• Приглашаем посетить наш сайт
    Высоцкий (vysotskiy-lit.ru)
  • Дневник 1842–1845
    1842 г. Март

    Дневник с 25 марта 1842

    Новгород.

    1842 г.

    25 марта. Тридцать лет! Половина жизни. Двенадцать лет ребячества, четыре школьничества, шесть юности и восемь лет гонений, преследований, ссылок. И хорошо и грустно смотреть назад. Дружба, любовь и внутренняя жизнь искупают многое. Но, признаюсь, беспрерывные гонения и оскорбления нашли средство причинять ужасную боль, и при слове 30 лет становится страшно, – пора, пора отдохнуть. Я наверно отслужил свои 15 лет, могу идти в бессрочно отпускные. Даже и 25, если считать годы вдвое, как у моряков за кампанию.
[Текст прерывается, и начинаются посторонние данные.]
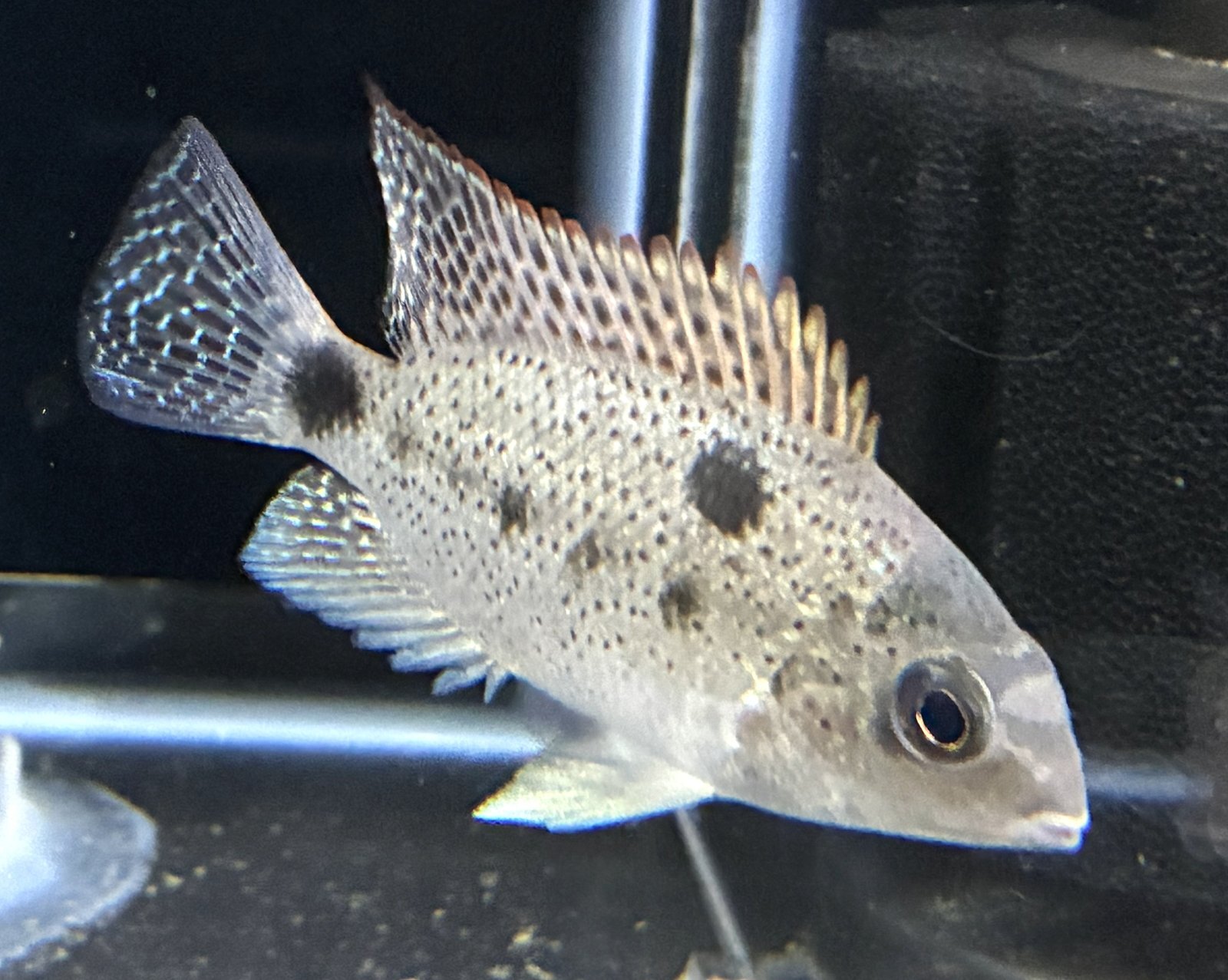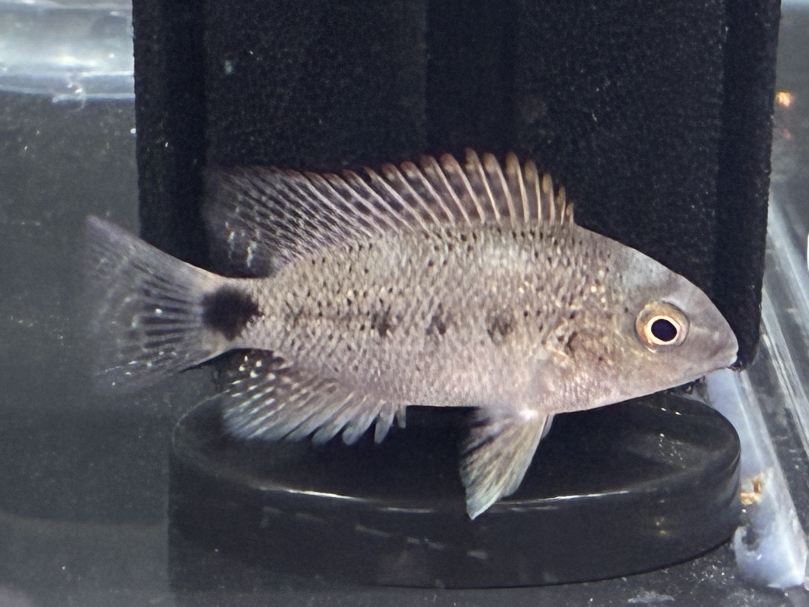 本種は黒いスポットと、白銀の体色が美しい中型シクリッドの仲間♪

    26. Вчера получил весть о кончине Михайла Федоровича Орлова. Горе и пуще бездейственная косность подъедает геркулесовские силы, он, верно, прожил бы еще лет 25 при других обстоятельствах. Жаль его. Эта новость, пришедшая в день моего рождения aviso[142]. Memento mori[143] в одном отношении и vivere memento[144] в другом. Пример перед глазами.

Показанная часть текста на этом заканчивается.